* EXERCISE REQUIREMENTS *
Look below for the line containing "夏季高级感辣妹挂脖吊带斜肩无袖针织背心女修身显瘦内搭洋气上衣". Write out that line and the rest through the last one, exactly as they appear, but without pictures.

◆ ◆ ◆ ◆

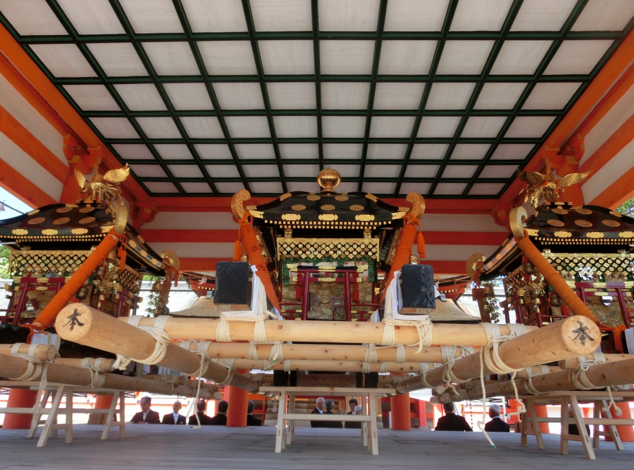 ただ、楼門や高舞殿、回廊などは全て朱塗りですので、近くに寄れば厳かさを感じます。
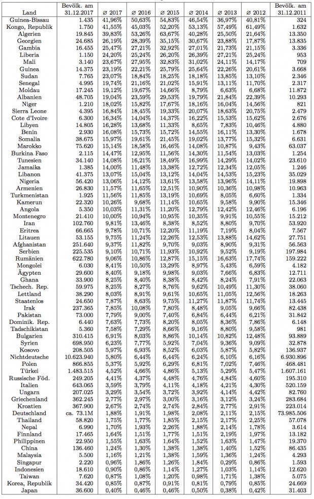 Man sieht, dass die Kriminalrate vieler Länder leicht rückläufig ist. Am auffälligsten ist der sehr starke Rückgang auf sehr hohem Niveau von Algerien von über 53% auf unter 40%. Gleichzeitig nahm aber die Anzahl in Deutschland wohnhafter Algerier innerhalb nur eines Jahres um fast 1.500 ab, also um fast 7%. Der Abgang ist dabei geringer als der Rückgang der Tatverdächtigen (ca. minus 3000), es scheint daher, als ob hauptsächlich kriminelle Algerier das Land verlassen haben. Liegt dies etwa an konsequenter Abschiebung, Abschreckung, oder womöglich an Einbürgerung?
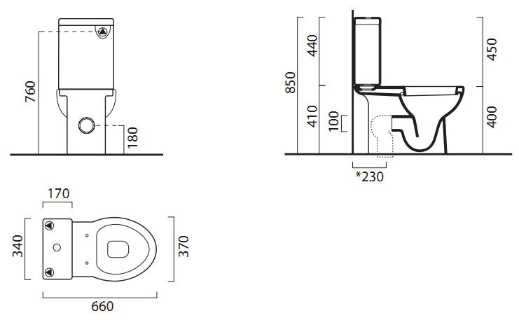 - размер без бачка: 660х410х370 мм
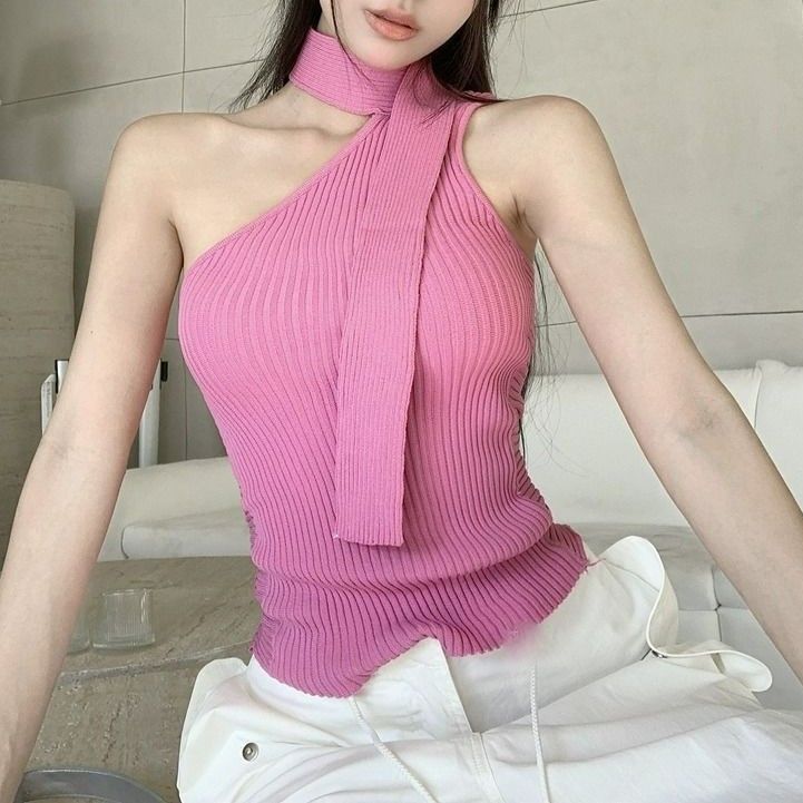 夏季高级感辣妹挂脖吊带斜肩无袖针织背心女修身显瘦内搭洋气上衣
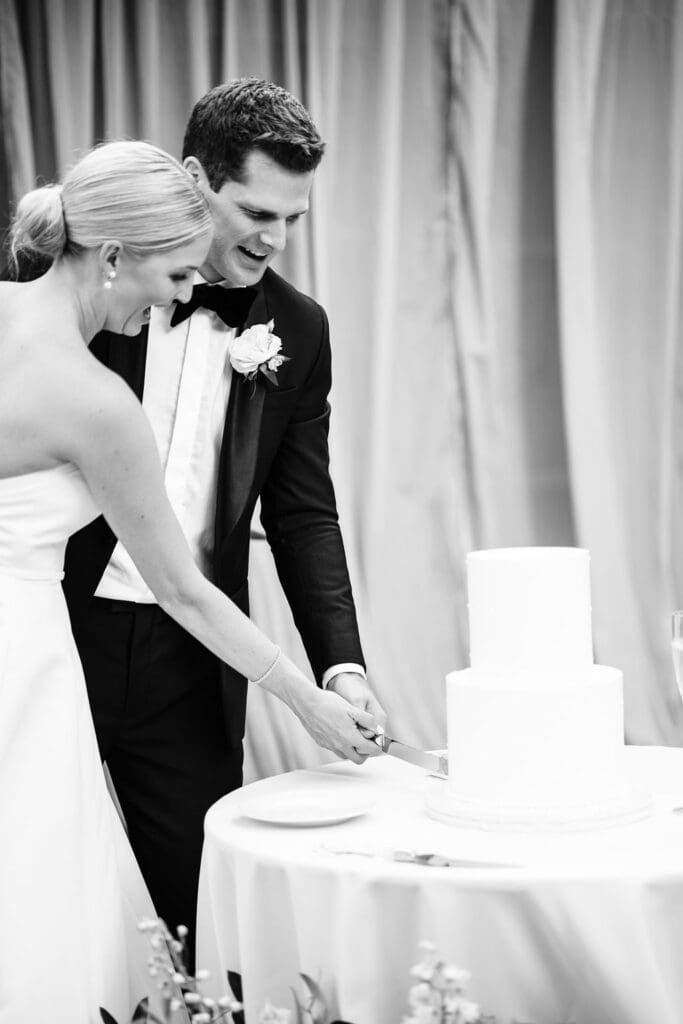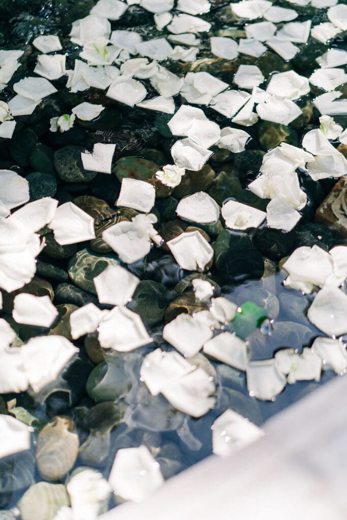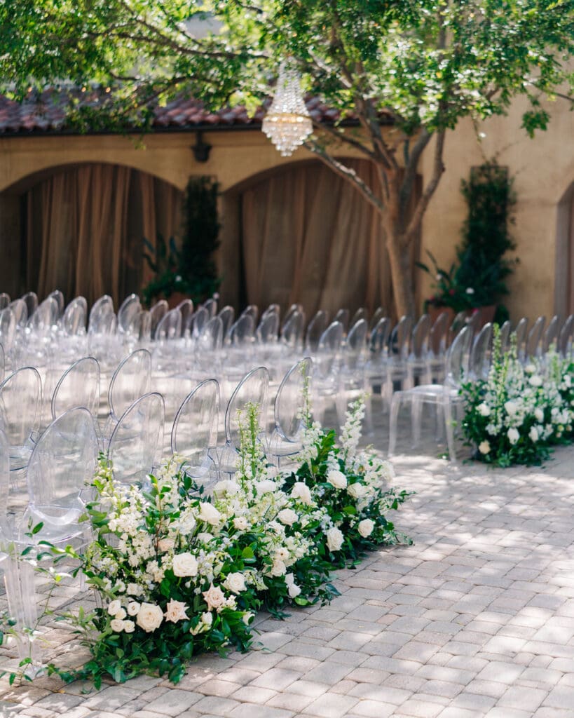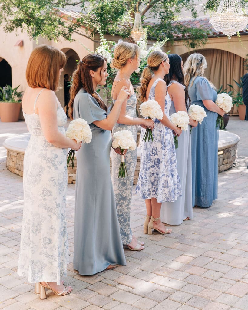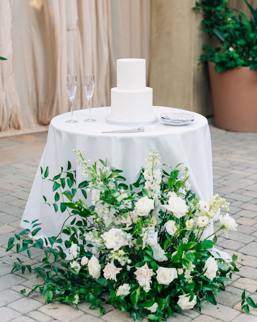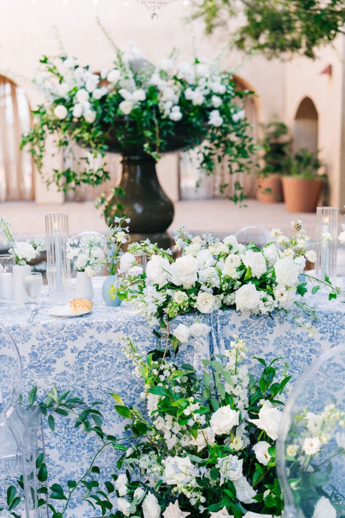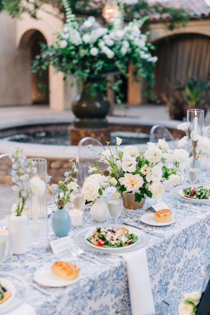 Their design details were nothing short of stunning. Soft blue toile accents brought a touch of vintage romance, perfectly complemented by lush white florals that felt crisp, classic, and effortlessly chic. Every corner of their celebration felt thoughtfully curated, from the intimate tablescapes to the gentle candlelight that filled the courtyard.

◆ ◆ ◆ ◆

* EXERCISE ANSWER *
 夏季高级感辣妹挂脖吊带斜肩无袖针织背心女修身显瘦内搭洋气上衣
 Their design details were nothing short of stunning. Soft blue toile accents brought a touch of vintage romance, perfectly complemented by lush white florals that felt crisp, classic, and effortlessly chic. Every corner of their celebration felt thoughtfully curated, from the intimate tablescapes to the gentle candlelight that filled the courtyard.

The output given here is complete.